Data shown =>
____

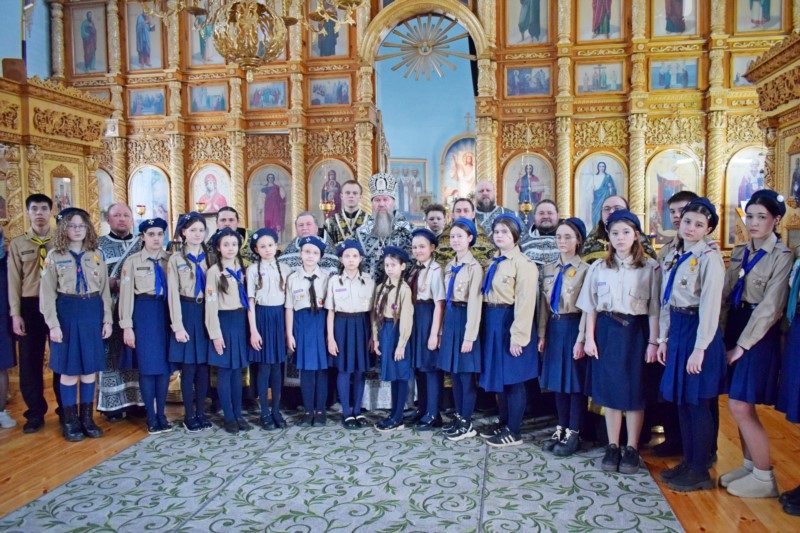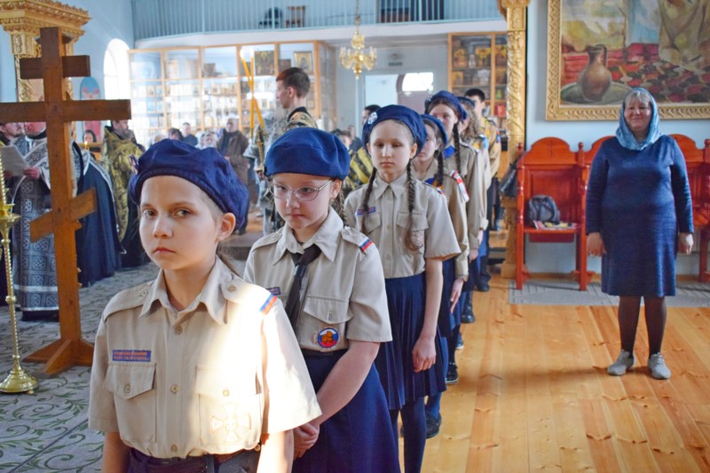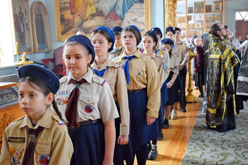 За богослужением молились воспитанники 45-отдельного сводного отряда организации юных разведчиков имени священномученика Германа (Кокеля) при храме иконы Божией Матери "Всех скорбящих радость" города Канаш и многочисленные прихожане.
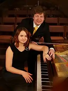 In 2005 together with the pianist Natalia Bezuglova he formed the Instrumental Duo Class&Jazz. The ensemble repertoire combines classical music pieces with jazz masterpieces.[5] The group became a winner of several International Competitions in classical music including the First Prize at the 1st Dmitri Shostakovitch International Competition of Chamber Ensembles and Piano Duos (Moscow, Russia 2008);[6][7][8] and the Third Prize and Bronze Medal at the 7th International Chamber Music Ensemble Competition in New England (Boston, MA 2016).[3] Class&Jazz has performed at manymusic festivals worldwide, including 16th International Brahms Festival in Pörtschach am Wörthersee (Austria, 2009), 3rd Festival of Contemporary Music "Rostov Premieres" (Russia, 2006),[9] Moscow musical festival of forum "Klassika" (Russia, 2009),[10] and 4th International Festival "Odessa Dialogues" (Ukraine, 2009).[11][12] In 2009 the duo started the chamber music festival "Christmas Premieres" in their native city of Rostov-on-Don, Russia.[13][14][15] They were the authors and performers of the original concert project Music and War, which premiered in Russia in 2009.[16][17] Class&Jazz Duo produced two CD-albums. Their recording of Shostakovich and Beethoven violin and piano sonatas, published in September 2013, was critically acclaimed by Phoenix Classical for “excellent performance – very expressive and emotive – precise intonation and technique – great balance with the piano – deeply poetic playing”.[2]
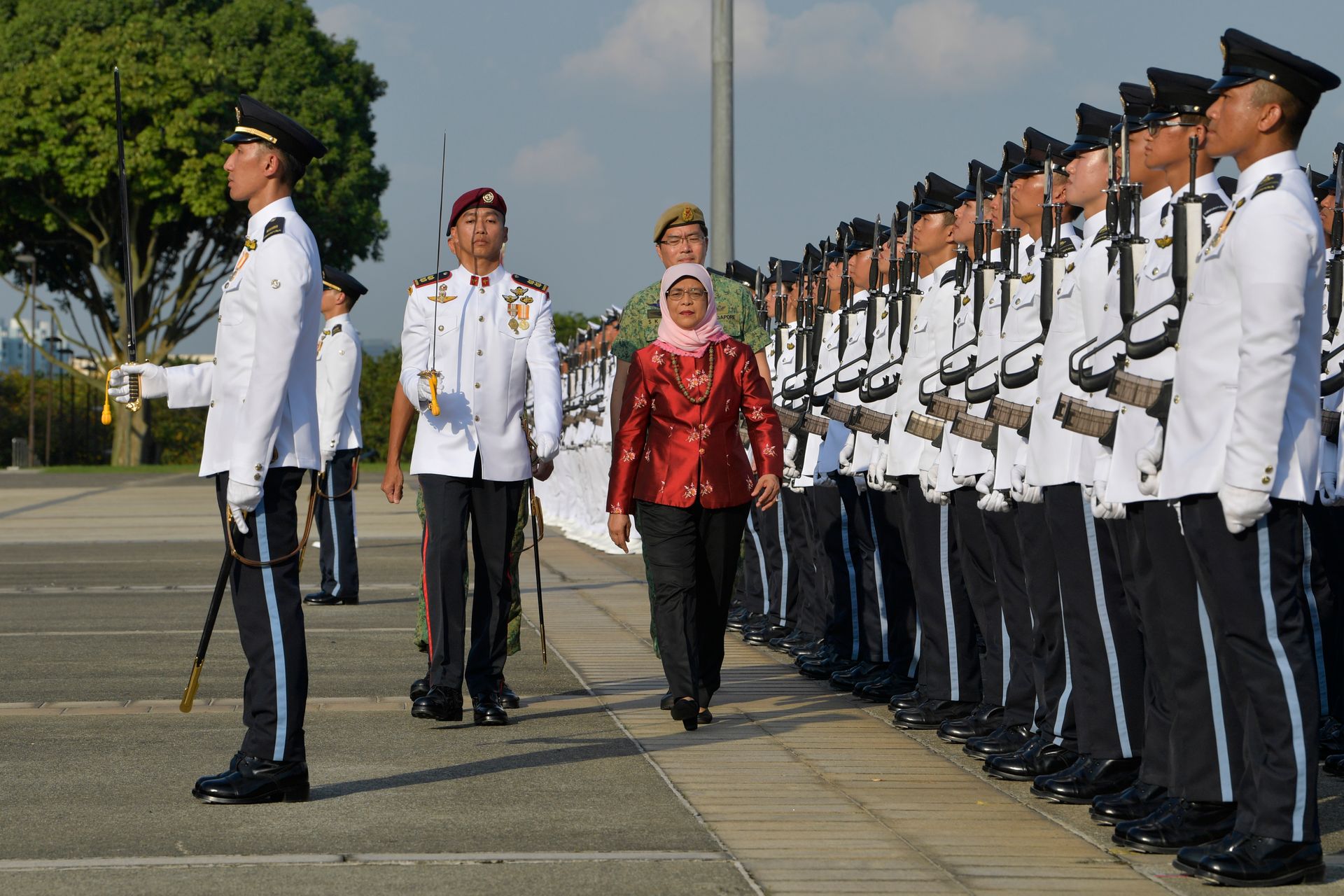 当晚晚些时候,哈莉玛总统在新加坡武装部队军训学院主持了军人节阅兵,在阅兵式上她向第33次获得最佳作战单位的第一突击营颁发国旗。
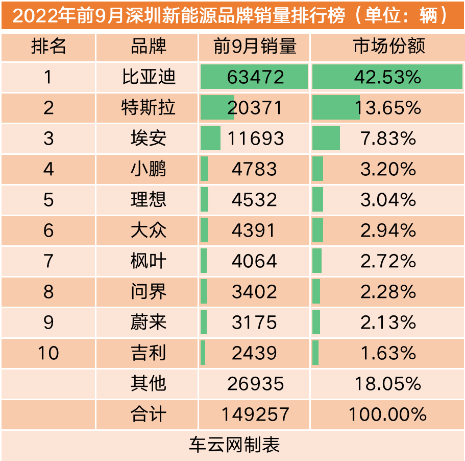 要说深圳的新能源汽车市场的最大特色,那就是比亚迪的优势太过显著了。
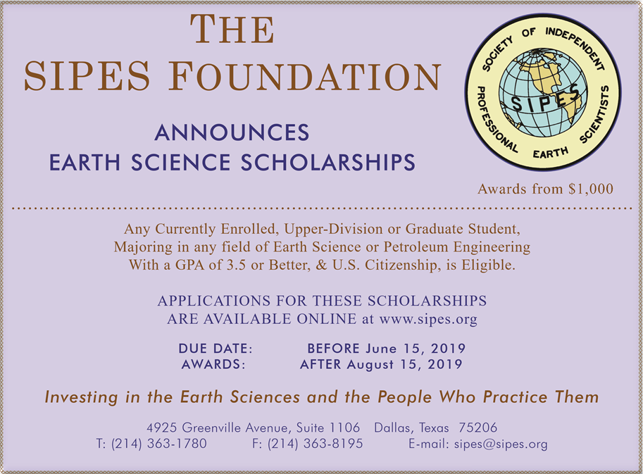 [geolstu-list] SIPES FOUNDATION 2019 Earth Science Scholarships
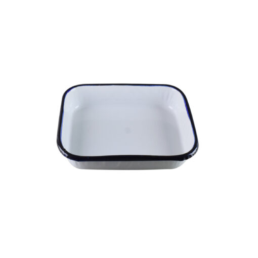• This enamel tray is resistant to rust, corrosion, and stains.
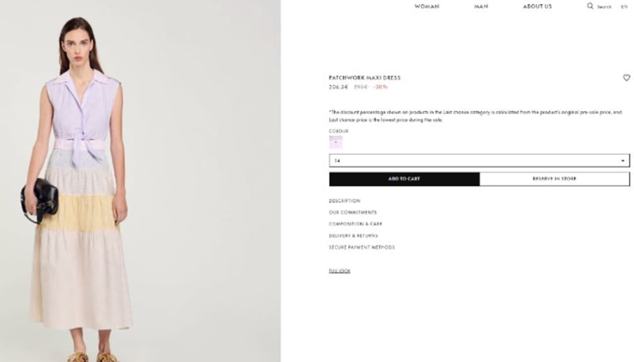 പാച്ച്വര്ക്ക് മാക്സി ഡ്രസ് എന്നതാണ് ഇതിനെ അറിയപ്പെടുന്നത്. സാന്ദ്രോ പാരീസിന്റെ റെഡി ടു വെയര് കളക്ഷനിലുള്ളതാണ് ഈ വസ്ത്രം. ഏകദേശം 18,675 രൂപ (206.5 യൂറോ)യാണ് ഇതിന്റെ വില. പര്പിള്, പിങ്ക്, മഞ്ഞ, നീല എന്നീ നിറങ്ങളാണ് രാധികയുടെ വസ്ത്രത്തിലുള്ളത്. ഷര്ട്ട്-സ്റ്റൈല് കോളര് നെക്ലൈന്, പിന്സ്രൈപ് പാറ്റേണ്സ്, ഫ്ളെയേഡ് ടയേഡ് സ്കേട്ട്, ഇലാക്സ്റ്റിക്കേറ്റഡ് വെയ്റ്റ് എന്നിവയാണ് വസ്ത്രത്തിന്റെ ഡിസൈനിലുള്ളത്.
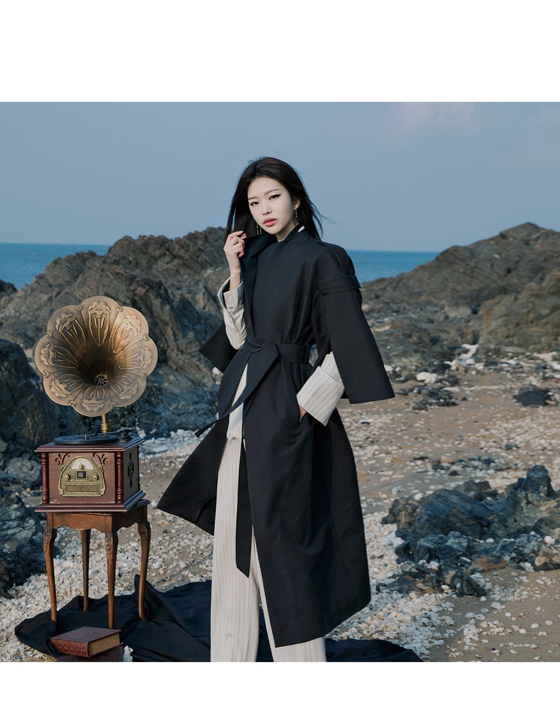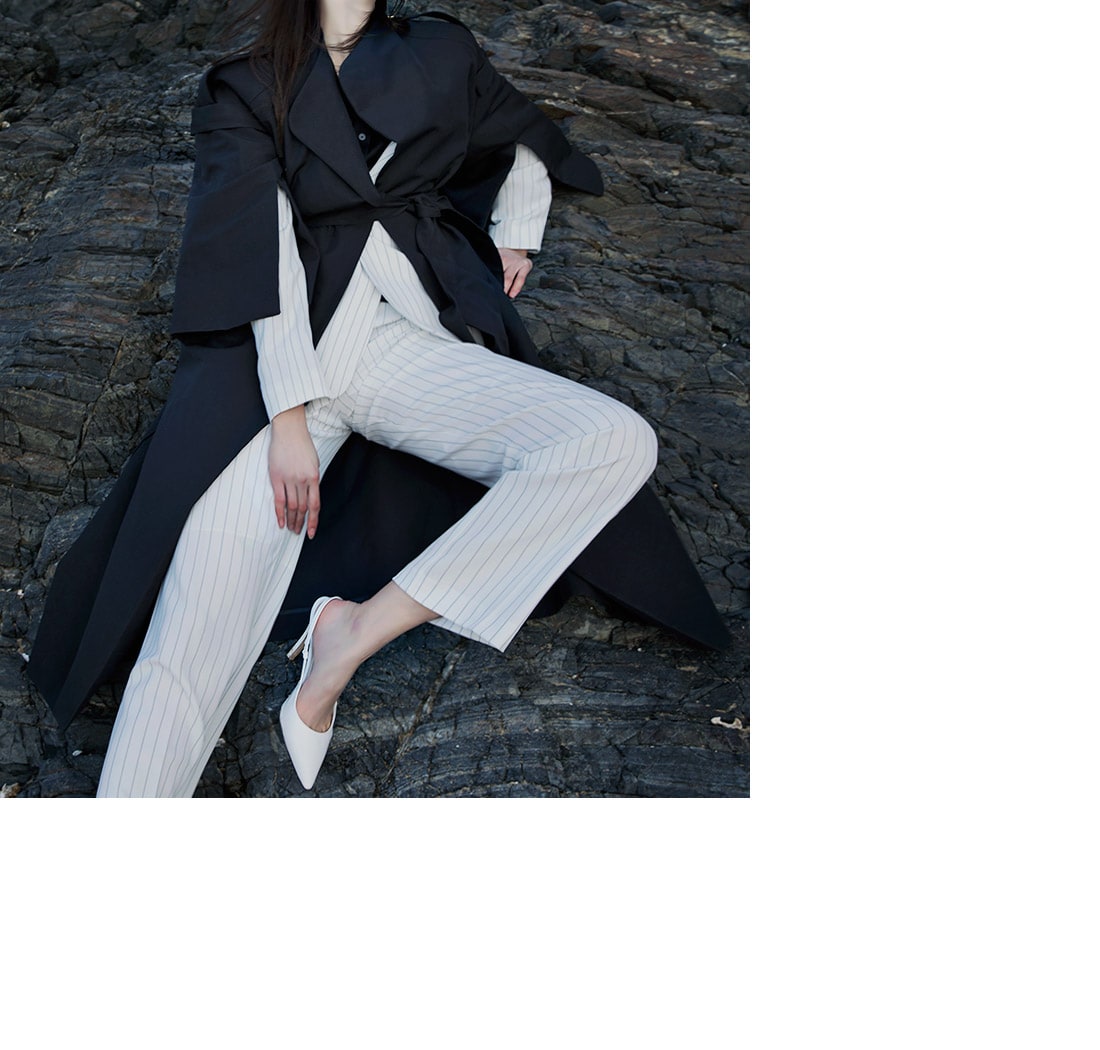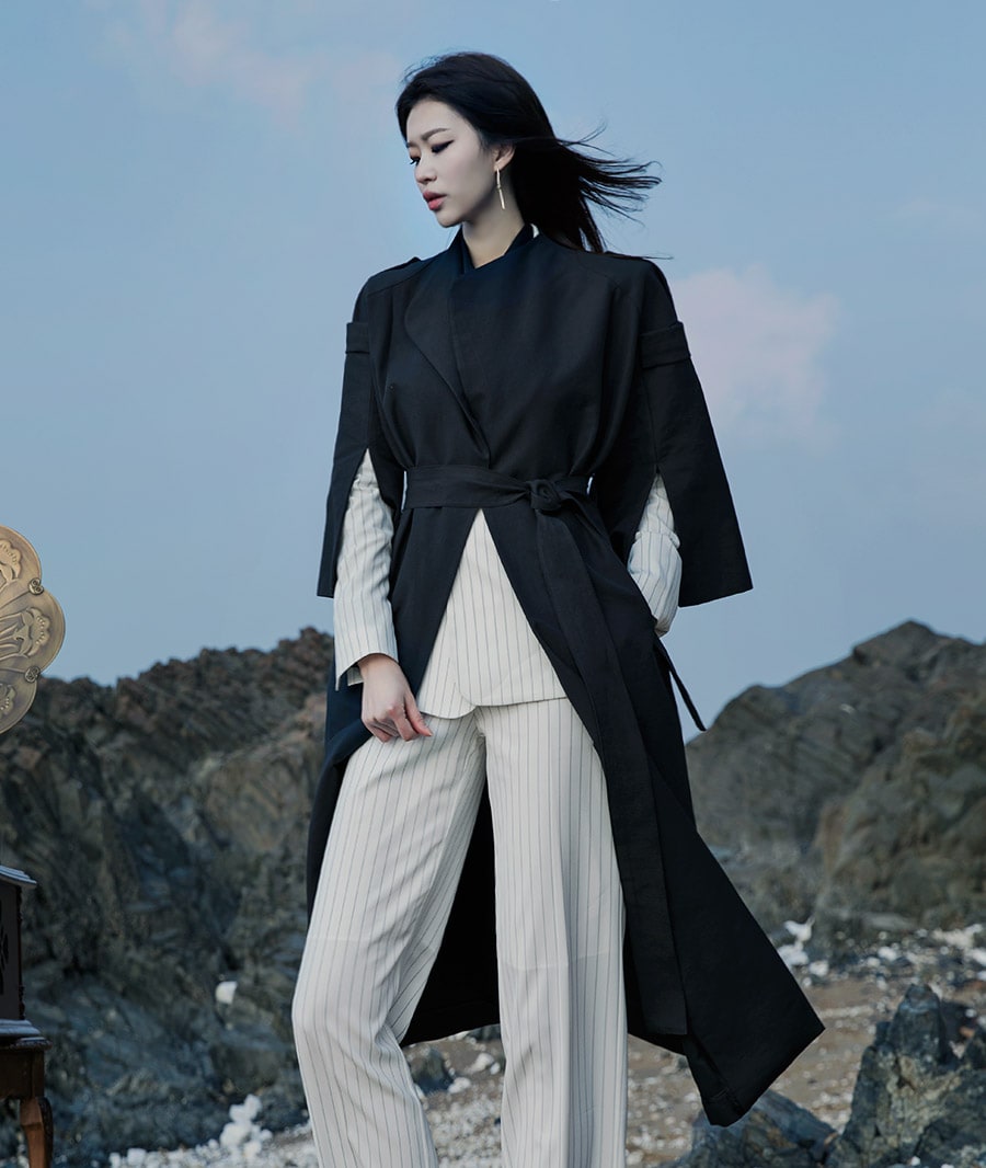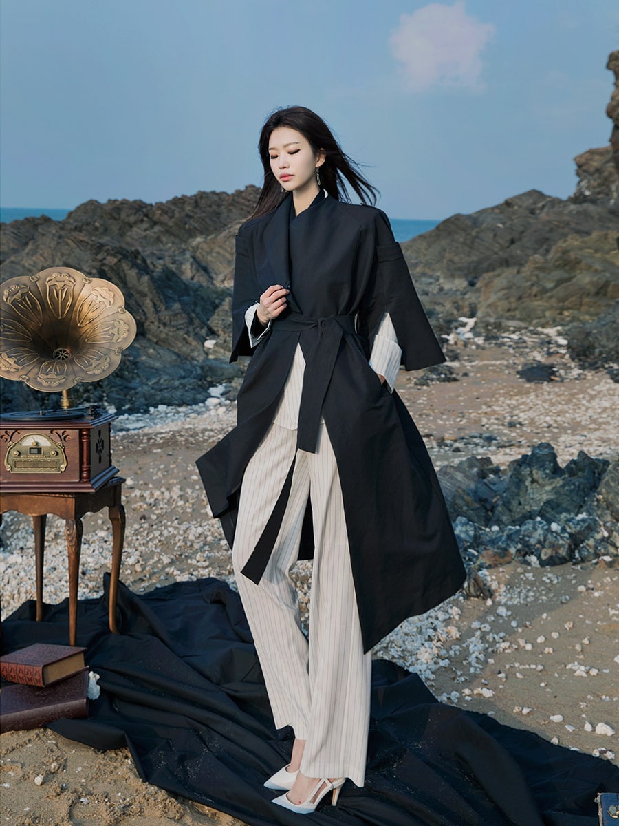 J-4846 배즌 소매 슬릿 트렌치 코트 Black

____

Exercise objective =>
In the answer, the entries should be restated verbatim, with all pictures omitted.

Response to this task =>
 За богослужением молились воспитанники 45-отдельного сводного отряда организации юных разведчиков имени священномученика Германа (Кокеля) при храме иконы Божией Матери "Всех скорбящих радость" города Канаш и многочисленные прихожане.
 In 2005 together with the pianist Natalia Bezuglova he formed the Instrumental Duo Class&Jazz. The ensemble repertoire combines classical music pieces with jazz masterpieces.[5] The group became a winner of several International Competitions in classical music including the First Prize at the 1st Dmitri Shostakovitch International Competition of Chamber Ensembles and Piano Duos (Moscow, Russia 2008);[6][7][8] and the Third Prize and Bronze Medal at the 7th International Chamber Music Ensemble Competition in New England (Boston, MA 2016).[3] Class&Jazz has performed at manymusic festivals worldwide, including 16th International Brahms Festival in Pörtschach am Wörthersee (Austria, 2009), 3rd Festival of Contemporary Music "Rostov Premieres" (Russia, 2006),[9] Moscow musical festival of forum "Klassika" (Russia, 2009),[10] and 4th International Festival "Odessa Dialogues" (Ukraine, 2009).[11][12] In 2009 the duo started the chamber music festival "Christmas Premieres" in their native city of Rostov-on-Don, Russia.[13][14][15] They were the authors and performers of the original concert project Music and War, which premiered in Russia in 2009.[16][17] Class&Jazz Duo produced two CD-albums. Their recording of Shostakovich and Beethoven violin and piano sonatas, published in September 2013, was critically acclaimed by Phoenix Classical for “excellent performance – very expressive and emotive – precise intonation and technique – great balance with the piano – deeply poetic playing”.[2]
 当晚晚些时候,哈莉玛总统在新加坡武装部队军训学院主持了军人节阅兵,在阅兵式上她向第33次获得最佳作战单位的第一突击营颁发国旗。
 要说深圳的新能源汽车市场的最大特色,那就是比亚迪的优势太过显著了。
 [geolstu-list] SIPES FOUNDATION 2019 Earth Science Scholarships
• This enamel tray is resistant to rust, corrosion, and stains.
 പാച്ച്വര്ക്ക് മാക്സി ഡ്രസ് എന്നതാണ് ഇതിനെ അറിയപ്പെടുന്നത്. സാന്ദ്രോ പാരീസിന്റെ റെഡി ടു വെയര് കളക്ഷനിലുള്ളതാണ് ഈ വസ്ത്രം. ഏകദേശം 18,675 രൂപ (206.5 യൂറോ)യാണ് ഇതിന്റെ വില. പര്പിള്, പിങ്ക്, മഞ്ഞ, നീല എന്നീ നിറങ്ങളാണ് രാധികയുടെ വസ്ത്രത്തിലുള്ളത്. ഷര്ട്ട്-സ്റ്റൈല് കോളര് നെക്ലൈന്, പിന്സ്രൈപ് പാറ്റേണ്സ്, ഫ്ളെയേഡ് ടയേഡ് സ്കേട്ട്, ഇലാക്സ്റ്റിക്കേറ്റഡ് വെയ്റ്റ് എന്നിവയാണ് വസ്ത്രത്തിന്റെ ഡിസൈനിലുള്ളത്.
 J-4846 배즌 소매 슬릿 트렌치 코트 Black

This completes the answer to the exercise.